Exercise description – Using the data below, reproduce exactly the lines from the line with "渋谷公園通り商店街の他に、渋" to the line with "dettaglio applicazione logo", both included; pictures must be dropped.

(Stored dataset items)
=-=-=-=-=

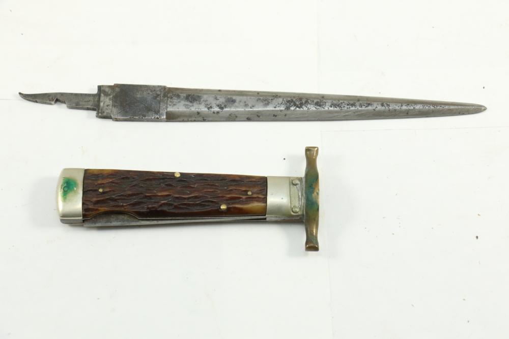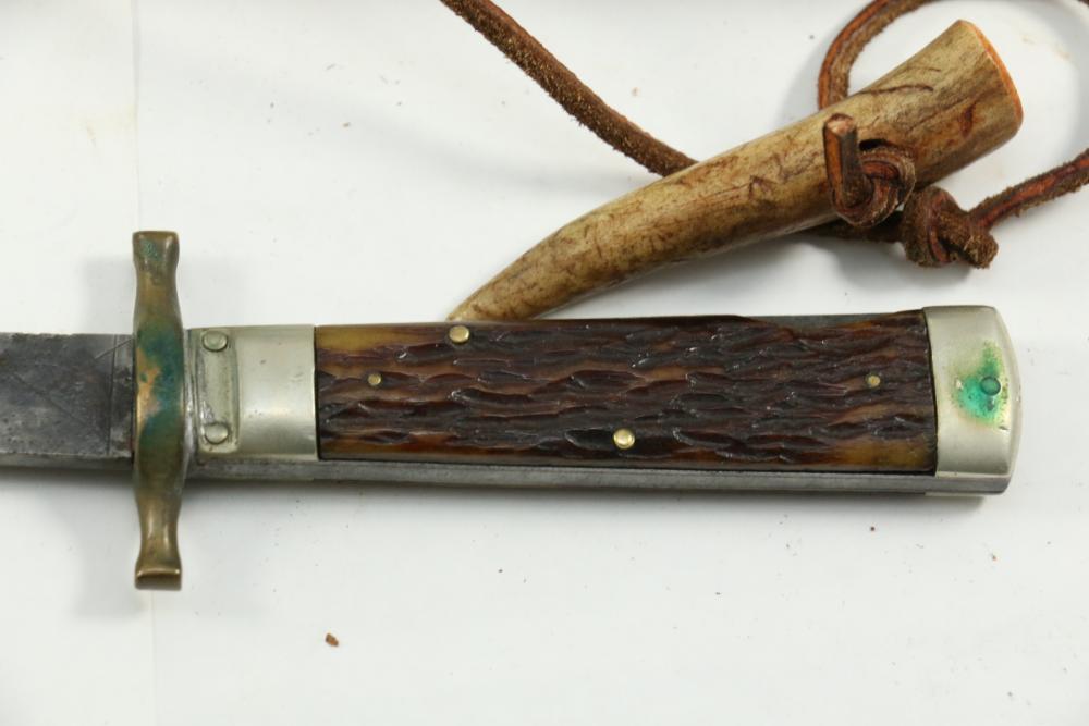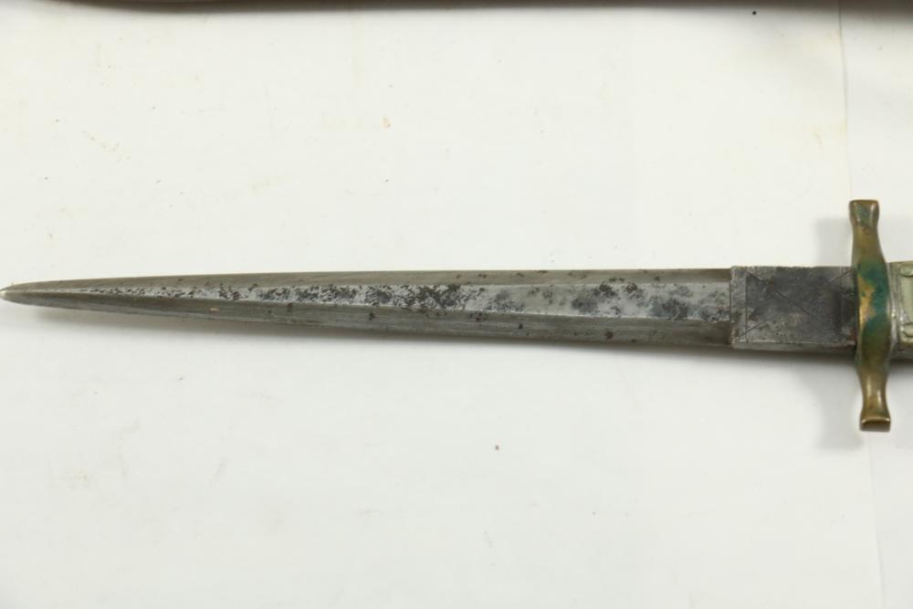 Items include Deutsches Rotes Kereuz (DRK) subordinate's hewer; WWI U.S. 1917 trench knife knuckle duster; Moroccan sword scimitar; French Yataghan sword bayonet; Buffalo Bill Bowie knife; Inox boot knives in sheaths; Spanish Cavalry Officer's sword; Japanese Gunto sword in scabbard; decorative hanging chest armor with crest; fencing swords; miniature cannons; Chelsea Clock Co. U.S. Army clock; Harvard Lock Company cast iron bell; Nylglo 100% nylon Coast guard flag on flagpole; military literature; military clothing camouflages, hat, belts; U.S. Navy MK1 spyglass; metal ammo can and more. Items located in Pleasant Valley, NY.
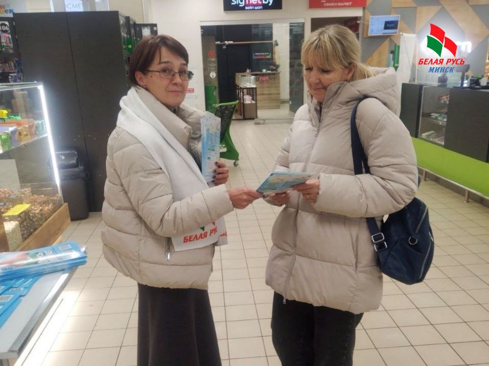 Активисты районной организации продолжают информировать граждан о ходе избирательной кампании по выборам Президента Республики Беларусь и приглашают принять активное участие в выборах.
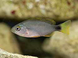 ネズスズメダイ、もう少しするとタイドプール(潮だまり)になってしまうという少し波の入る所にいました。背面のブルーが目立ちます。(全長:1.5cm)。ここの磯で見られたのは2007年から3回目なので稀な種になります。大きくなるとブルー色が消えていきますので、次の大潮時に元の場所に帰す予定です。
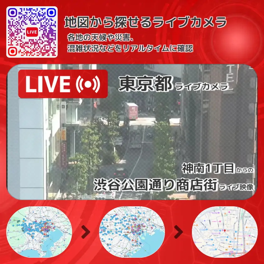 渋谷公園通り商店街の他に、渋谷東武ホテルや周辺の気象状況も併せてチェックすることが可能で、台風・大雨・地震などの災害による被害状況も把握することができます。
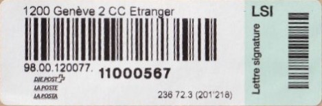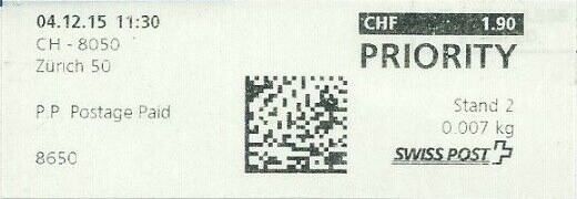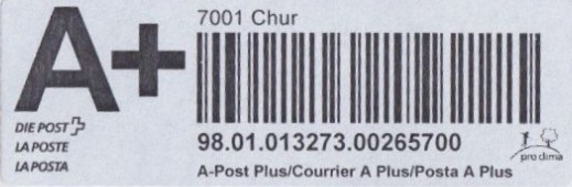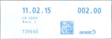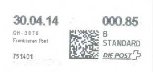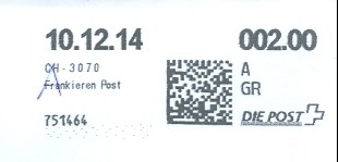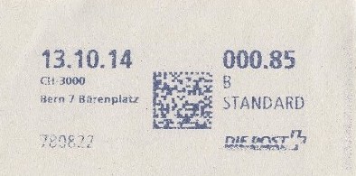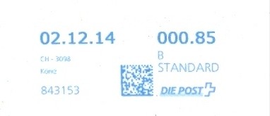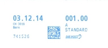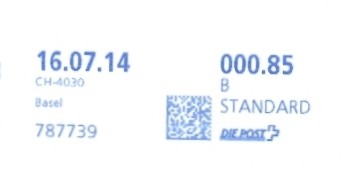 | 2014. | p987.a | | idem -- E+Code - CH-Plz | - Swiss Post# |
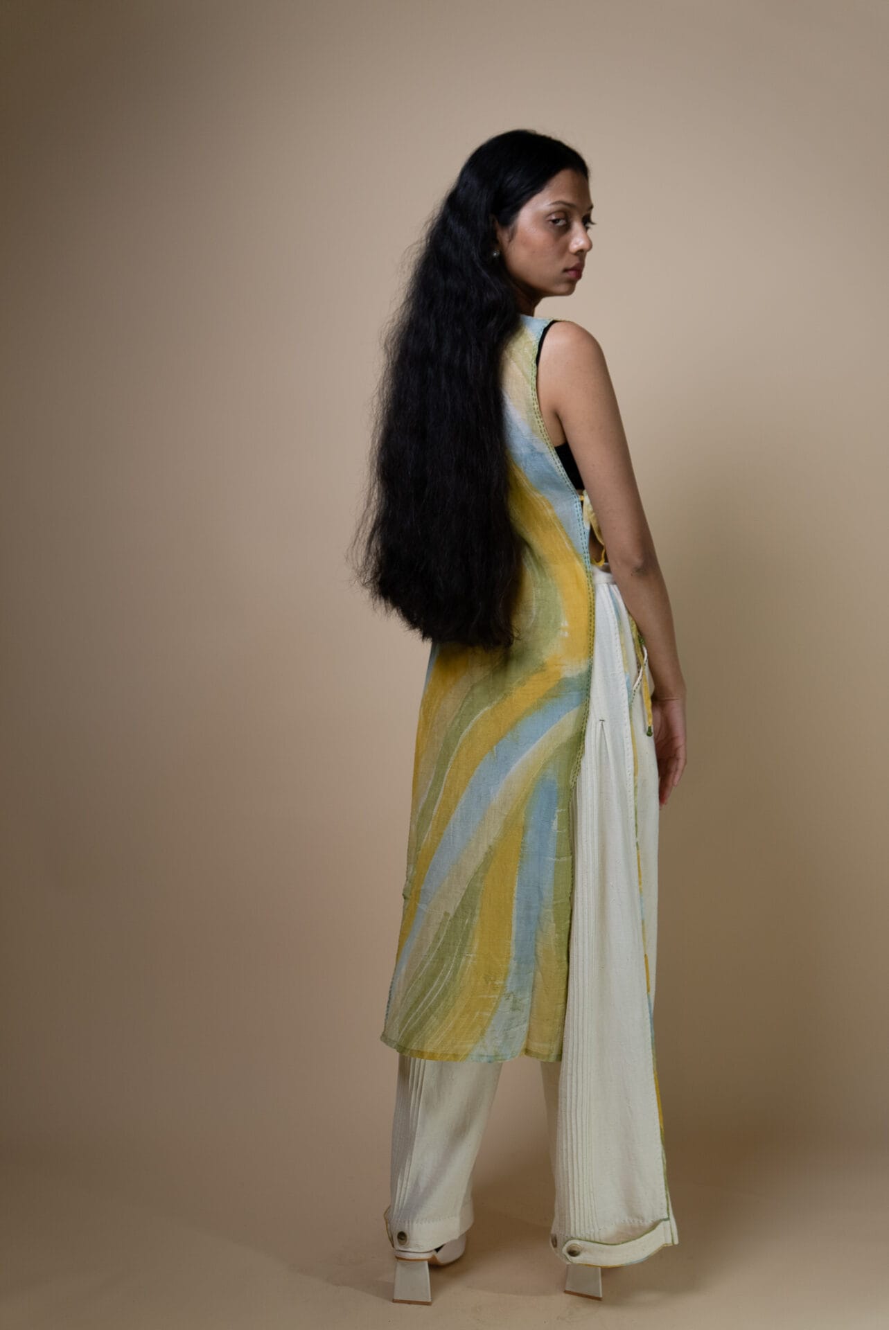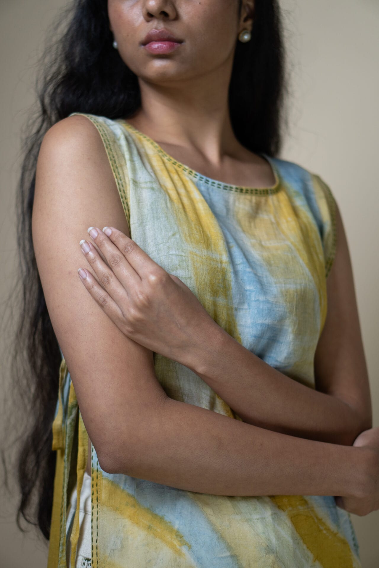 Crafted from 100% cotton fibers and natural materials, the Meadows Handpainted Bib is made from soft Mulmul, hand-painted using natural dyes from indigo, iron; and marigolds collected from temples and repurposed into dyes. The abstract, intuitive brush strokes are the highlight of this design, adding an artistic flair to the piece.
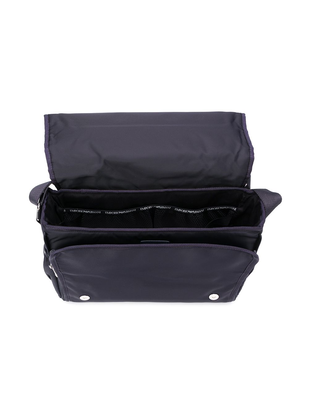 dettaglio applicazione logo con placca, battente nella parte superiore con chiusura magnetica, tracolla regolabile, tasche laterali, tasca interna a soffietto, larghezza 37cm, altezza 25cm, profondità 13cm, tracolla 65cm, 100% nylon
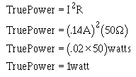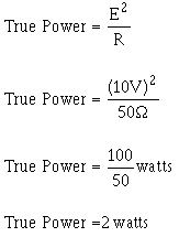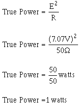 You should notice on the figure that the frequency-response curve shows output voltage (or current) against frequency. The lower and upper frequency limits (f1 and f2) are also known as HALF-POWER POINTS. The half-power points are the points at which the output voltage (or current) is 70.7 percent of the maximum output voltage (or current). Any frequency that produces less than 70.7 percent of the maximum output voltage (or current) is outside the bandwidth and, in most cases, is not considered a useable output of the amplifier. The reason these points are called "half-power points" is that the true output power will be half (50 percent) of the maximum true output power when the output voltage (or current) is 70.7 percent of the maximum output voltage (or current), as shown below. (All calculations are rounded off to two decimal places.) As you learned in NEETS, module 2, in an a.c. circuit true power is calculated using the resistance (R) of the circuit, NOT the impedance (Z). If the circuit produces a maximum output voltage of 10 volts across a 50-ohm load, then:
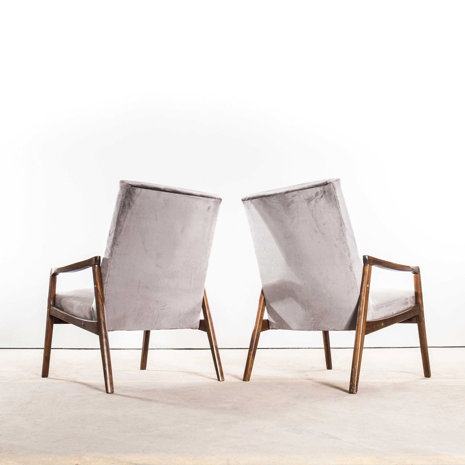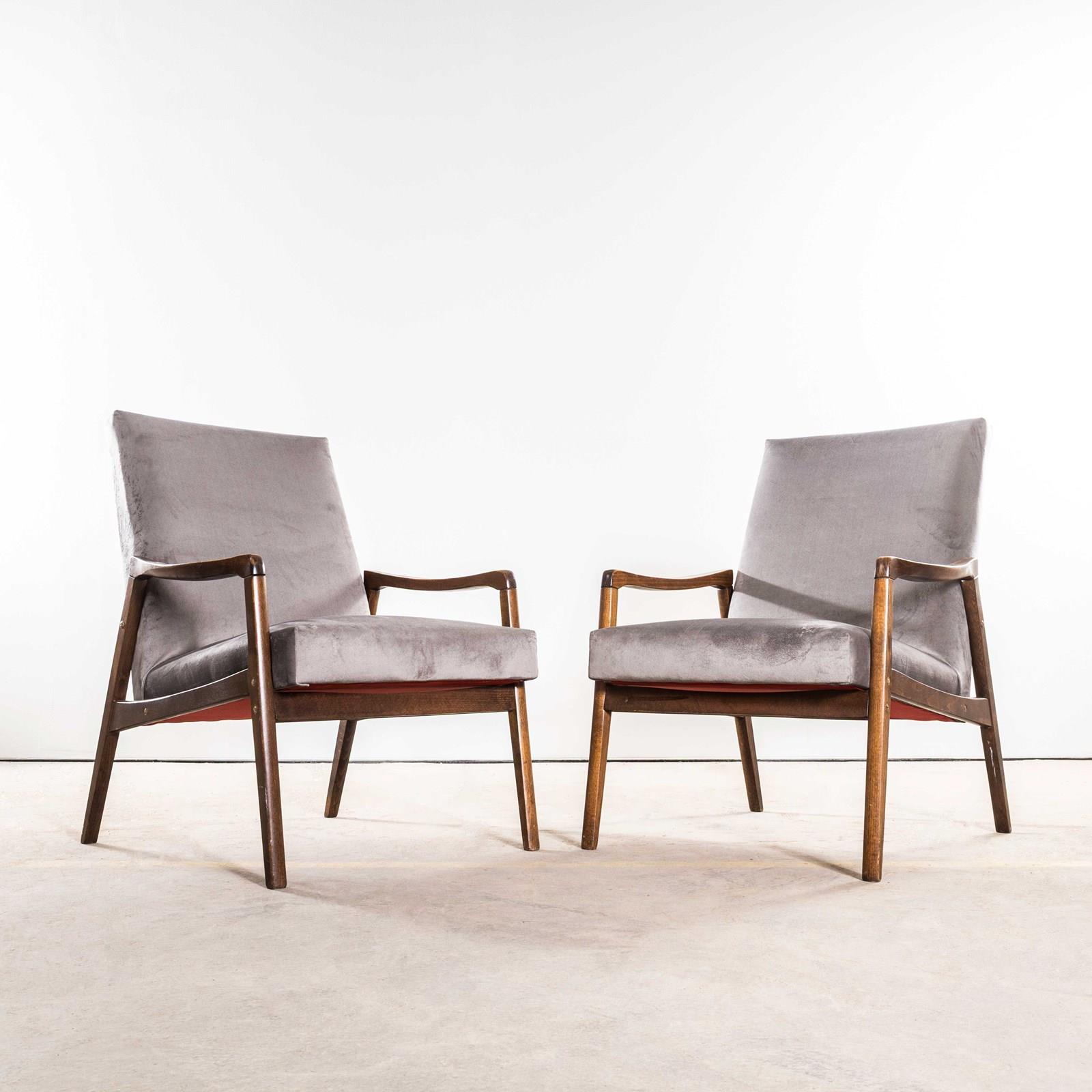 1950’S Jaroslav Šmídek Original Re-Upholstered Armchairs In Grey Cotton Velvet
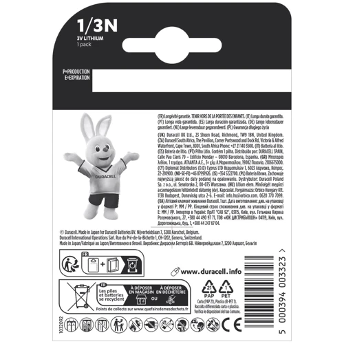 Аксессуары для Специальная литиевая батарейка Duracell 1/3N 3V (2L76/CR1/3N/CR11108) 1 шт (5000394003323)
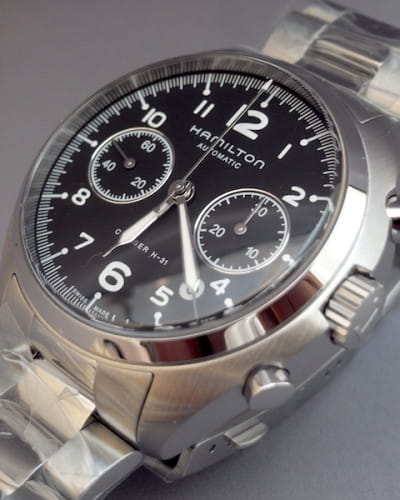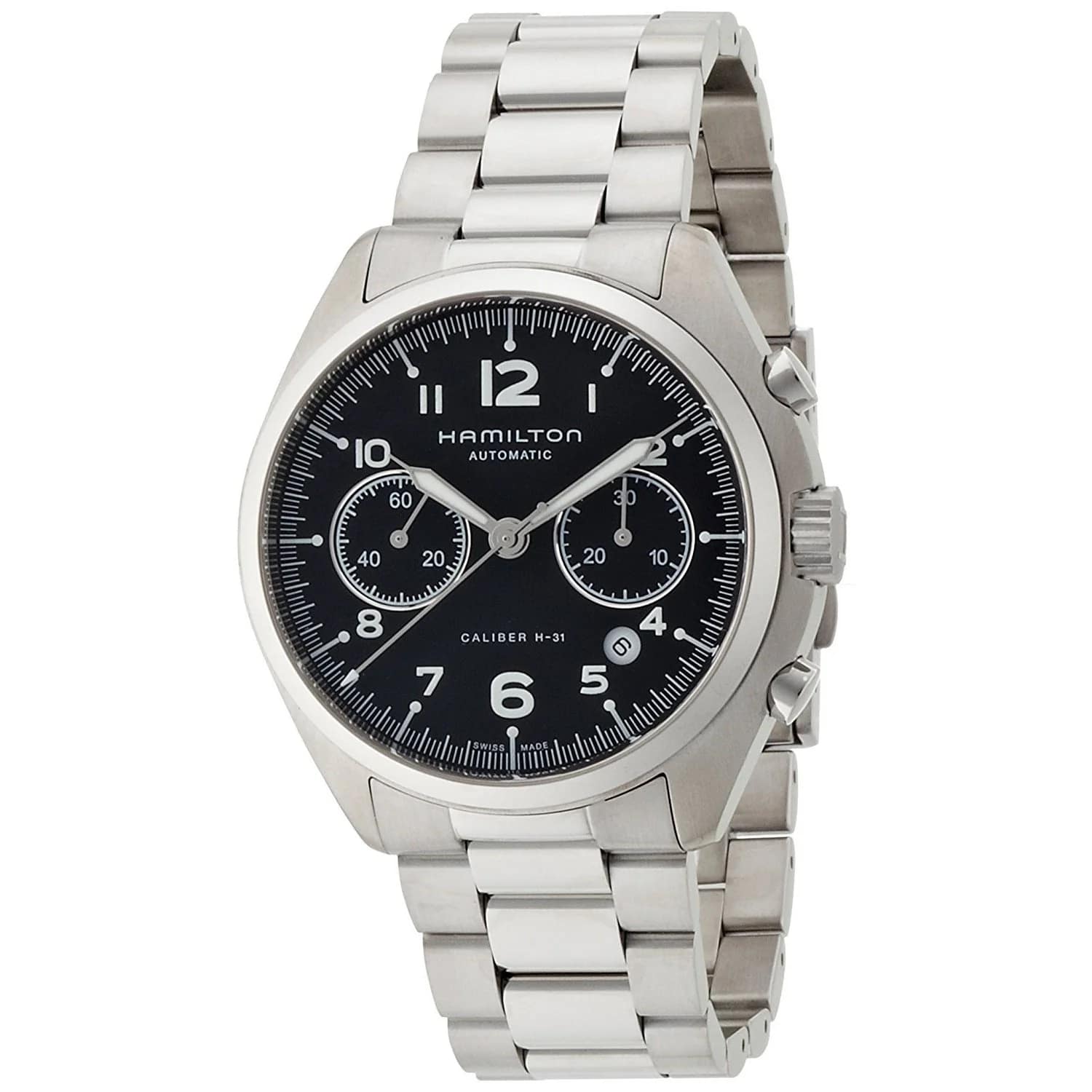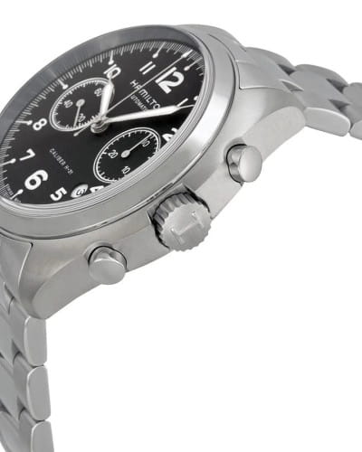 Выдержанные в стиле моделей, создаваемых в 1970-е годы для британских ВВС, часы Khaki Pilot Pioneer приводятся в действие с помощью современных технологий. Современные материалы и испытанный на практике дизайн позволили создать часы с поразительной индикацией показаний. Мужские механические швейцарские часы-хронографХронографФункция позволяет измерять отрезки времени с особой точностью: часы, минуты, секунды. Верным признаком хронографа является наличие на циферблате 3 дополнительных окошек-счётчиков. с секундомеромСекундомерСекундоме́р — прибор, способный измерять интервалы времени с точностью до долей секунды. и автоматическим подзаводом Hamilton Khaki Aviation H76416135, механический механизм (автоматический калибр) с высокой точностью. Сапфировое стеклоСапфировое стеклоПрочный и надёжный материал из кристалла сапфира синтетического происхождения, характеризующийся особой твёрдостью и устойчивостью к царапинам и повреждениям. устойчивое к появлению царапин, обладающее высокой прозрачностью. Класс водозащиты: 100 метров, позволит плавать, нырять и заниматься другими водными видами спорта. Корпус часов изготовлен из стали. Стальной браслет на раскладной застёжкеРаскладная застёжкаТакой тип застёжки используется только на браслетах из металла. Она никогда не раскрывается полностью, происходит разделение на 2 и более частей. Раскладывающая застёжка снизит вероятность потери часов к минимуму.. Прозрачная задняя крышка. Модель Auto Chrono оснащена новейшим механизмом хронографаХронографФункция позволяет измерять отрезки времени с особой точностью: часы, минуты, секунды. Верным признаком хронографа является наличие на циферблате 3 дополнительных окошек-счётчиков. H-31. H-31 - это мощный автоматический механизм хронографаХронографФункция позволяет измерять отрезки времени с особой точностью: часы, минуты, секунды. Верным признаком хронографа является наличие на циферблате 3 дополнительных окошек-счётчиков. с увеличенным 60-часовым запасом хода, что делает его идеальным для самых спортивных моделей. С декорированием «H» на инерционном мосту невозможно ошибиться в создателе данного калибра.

=-=-=-=-=

Task response –
 渋谷公園通り商店街の他に、渋谷東武ホテルや周辺の気象状況も併せてチェックすることが可能で、台風・大雨・地震などの災害による被害状況も把握することができます。
 | 2014. | p987.a | | idem -- E+Code - CH-Plz | - Swiss Post# |
 Crafted from 100% cotton fibers and natural materials, the Meadows Handpainted Bib is made from soft Mulmul, hand-painted using natural dyes from indigo, iron; and marigolds collected from temples and repurposed into dyes. The abstract, intuitive brush strokes are the highlight of this design, adding an artistic flair to the piece.
 dettaglio applicazione logo con placca, battente nella parte superiore con chiusura magnetica, tracolla regolabile, tasche laterali, tasca interna a soffietto, larghezza 37cm, altezza 25cm, profondità 13cm, tracolla 65cm, 100% nylon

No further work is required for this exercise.